_Dataset records_

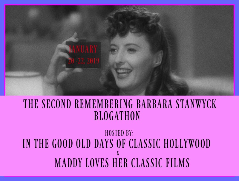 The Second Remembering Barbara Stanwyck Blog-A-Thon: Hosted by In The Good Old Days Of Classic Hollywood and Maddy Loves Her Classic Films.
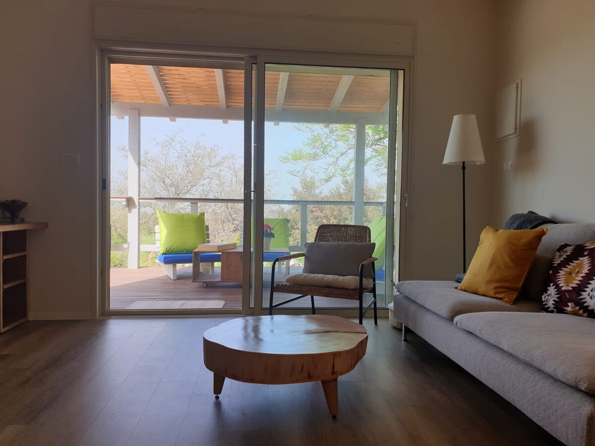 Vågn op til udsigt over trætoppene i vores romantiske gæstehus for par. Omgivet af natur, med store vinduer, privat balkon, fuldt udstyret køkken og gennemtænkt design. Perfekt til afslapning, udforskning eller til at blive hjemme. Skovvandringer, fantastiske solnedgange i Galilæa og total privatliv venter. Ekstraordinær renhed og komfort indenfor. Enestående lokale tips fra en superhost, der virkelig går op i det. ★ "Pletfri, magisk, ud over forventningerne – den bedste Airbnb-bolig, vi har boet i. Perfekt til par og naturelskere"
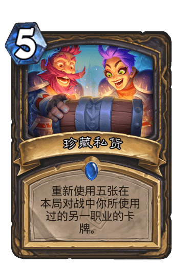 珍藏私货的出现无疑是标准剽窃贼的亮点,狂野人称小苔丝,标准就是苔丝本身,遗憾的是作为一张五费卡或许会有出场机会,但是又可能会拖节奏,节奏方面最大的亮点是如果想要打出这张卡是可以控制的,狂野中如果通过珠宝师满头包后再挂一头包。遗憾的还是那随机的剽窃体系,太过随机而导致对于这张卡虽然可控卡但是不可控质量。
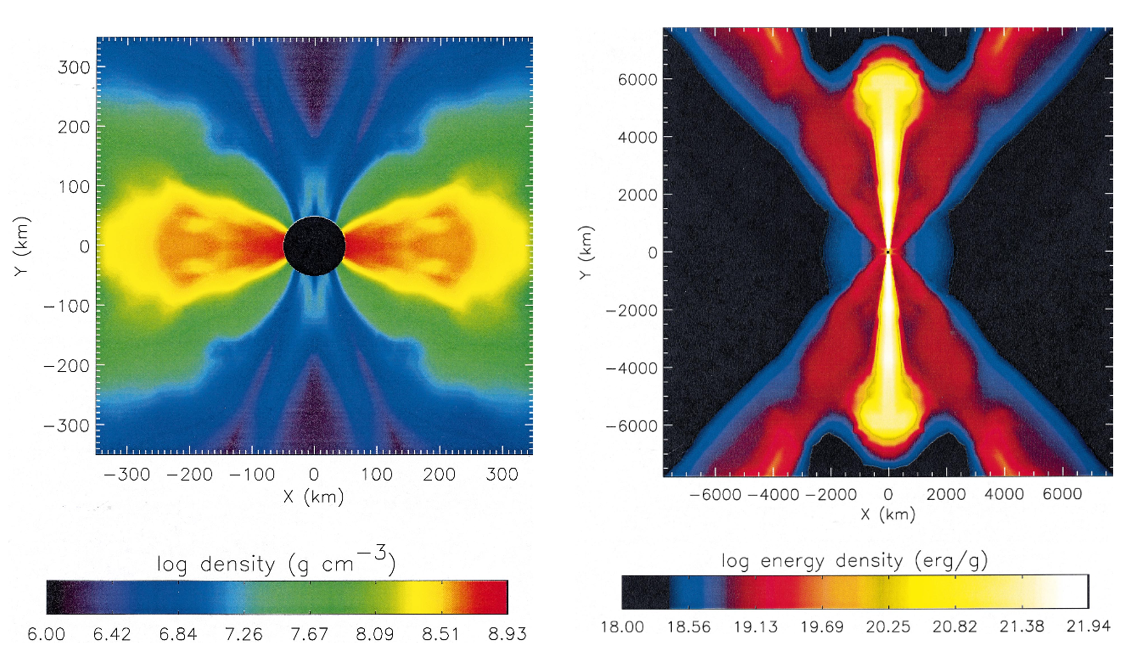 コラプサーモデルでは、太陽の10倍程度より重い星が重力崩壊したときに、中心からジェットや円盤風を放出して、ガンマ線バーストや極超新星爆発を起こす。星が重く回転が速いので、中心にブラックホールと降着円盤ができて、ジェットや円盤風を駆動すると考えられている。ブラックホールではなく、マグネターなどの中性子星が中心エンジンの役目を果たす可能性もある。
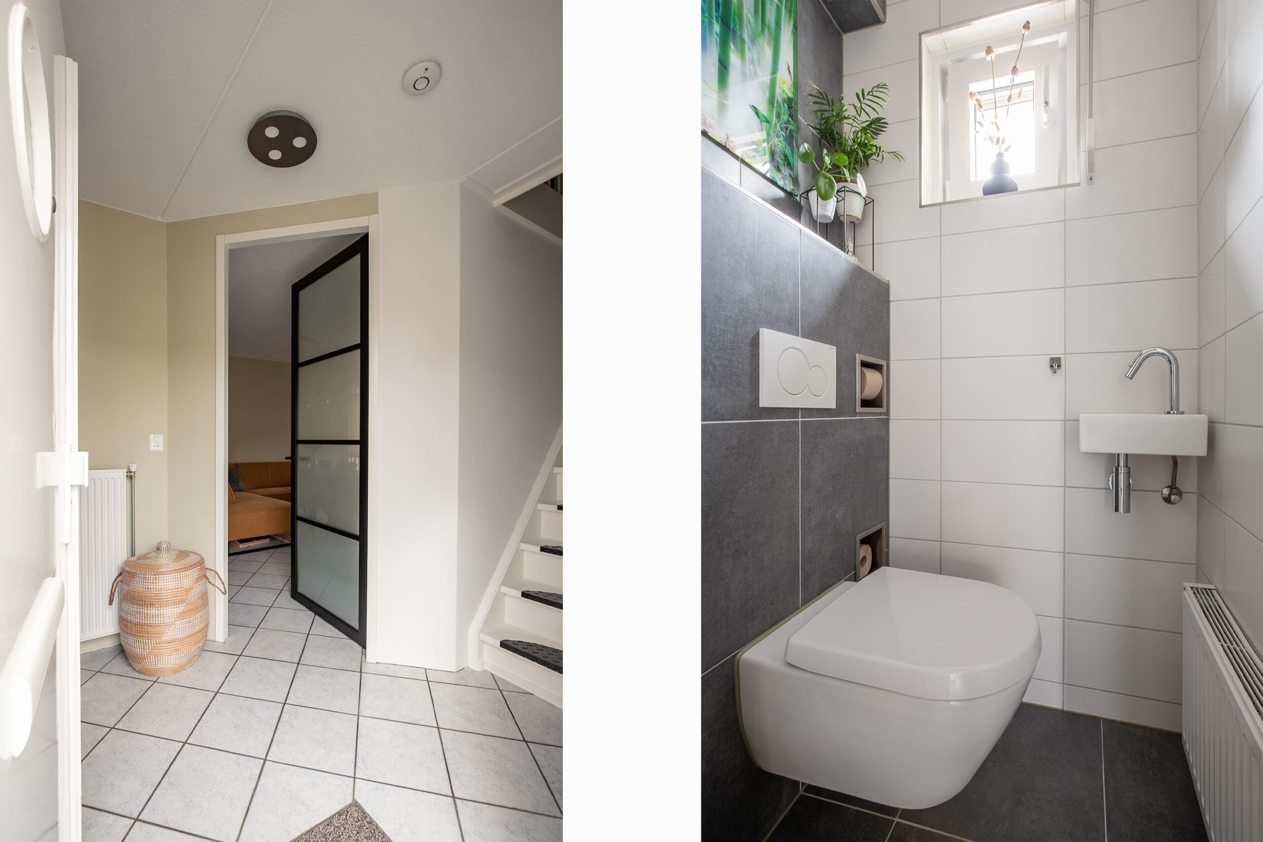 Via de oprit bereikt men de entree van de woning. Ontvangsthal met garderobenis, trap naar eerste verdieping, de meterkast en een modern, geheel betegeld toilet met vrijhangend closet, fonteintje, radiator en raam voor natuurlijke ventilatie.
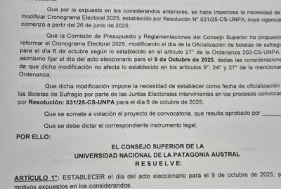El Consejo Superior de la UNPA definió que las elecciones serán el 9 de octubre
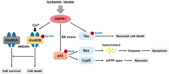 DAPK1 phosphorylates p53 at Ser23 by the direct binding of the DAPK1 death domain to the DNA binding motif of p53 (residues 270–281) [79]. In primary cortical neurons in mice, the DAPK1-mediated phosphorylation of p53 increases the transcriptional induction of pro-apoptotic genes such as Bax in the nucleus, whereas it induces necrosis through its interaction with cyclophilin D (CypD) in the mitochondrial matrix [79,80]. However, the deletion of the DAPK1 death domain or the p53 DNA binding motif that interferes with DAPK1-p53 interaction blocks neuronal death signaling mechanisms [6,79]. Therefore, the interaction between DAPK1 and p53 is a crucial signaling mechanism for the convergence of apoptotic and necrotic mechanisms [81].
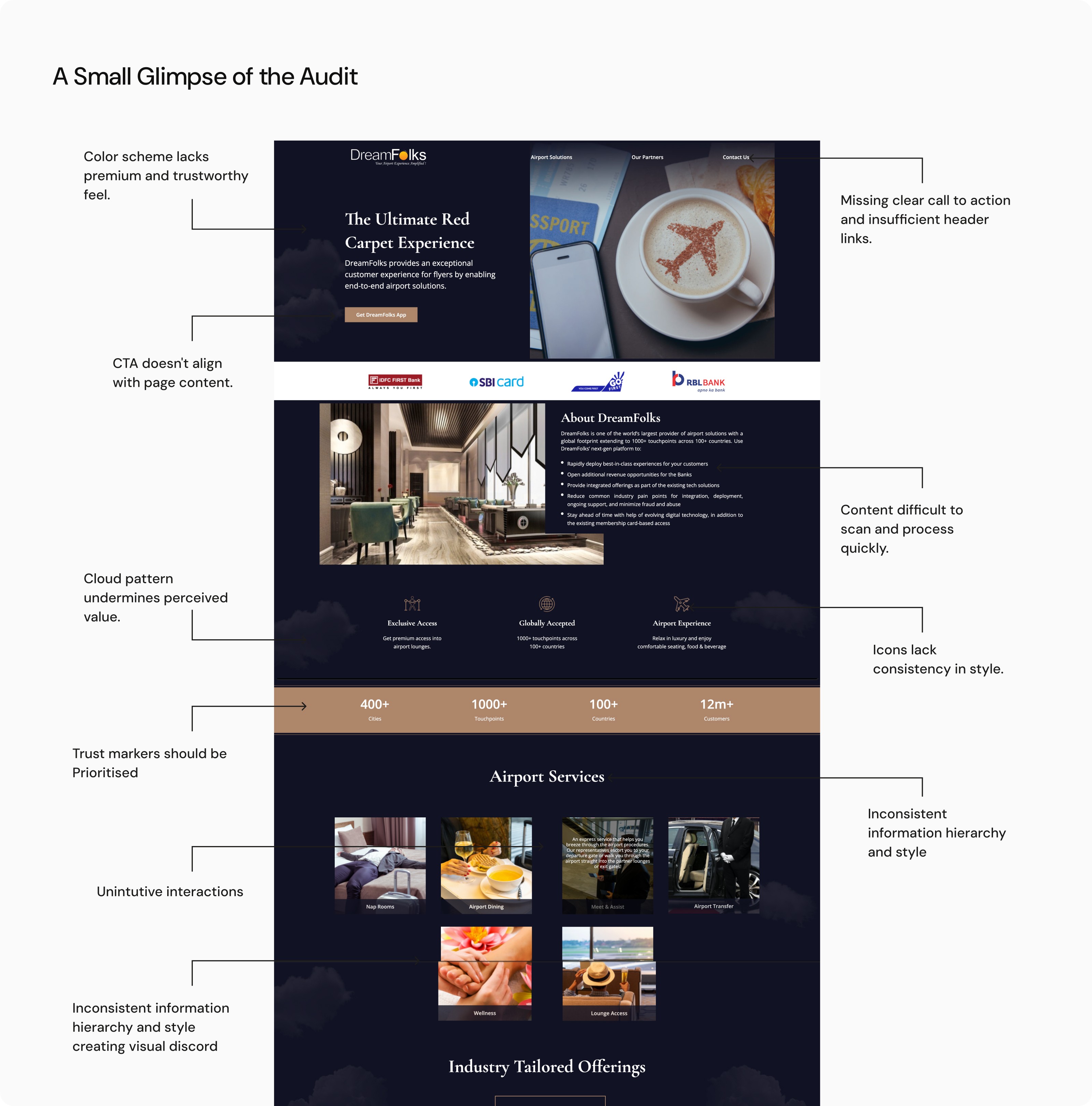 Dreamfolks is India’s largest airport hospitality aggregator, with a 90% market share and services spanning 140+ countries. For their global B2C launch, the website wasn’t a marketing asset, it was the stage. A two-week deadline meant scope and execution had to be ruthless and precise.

_What you need to do_
Leaving out the pictures, please transcribe exactly the lines from the one that holds "Via de oprit" through the last line of the entries above, both included.

_Exercise response_
 Via de oprit bereikt men de entree van de woning. Ontvangsthal met garderobenis, trap naar eerste verdieping, de meterkast en een modern, geheel betegeld toilet met vrijhangend closet, fonteintje, radiator en raam voor natuurlijke ventilatie.
El Consejo Superior de la UNPA definió que las elecciones serán el 9 de octubre
 DAPK1 phosphorylates p53 at Ser23 by the direct binding of the DAPK1 death domain to the DNA binding motif of p53 (residues 270–281) [79]. In primary cortical neurons in mice, the DAPK1-mediated phosphorylation of p53 increases the transcriptional induction of pro-apoptotic genes such as Bax in the nucleus, whereas it induces necrosis through its interaction with cyclophilin D (CypD) in the mitochondrial matrix [79,80]. However, the deletion of the DAPK1 death domain or the p53 DNA binding motif that interferes with DAPK1-p53 interaction blocks neuronal death signaling mechanisms [6,79]. Therefore, the interaction between DAPK1 and p53 is a crucial signaling mechanism for the convergence of apoptotic and necrotic mechanisms [81].
 Dreamfolks is India’s largest airport hospitality aggregator, with a 90% market share and services spanning 140+ countries. For their global B2C launch, the website wasn’t a marketing asset, it was the stage. A two-week deadline meant scope and execution had to be ruthless and precise.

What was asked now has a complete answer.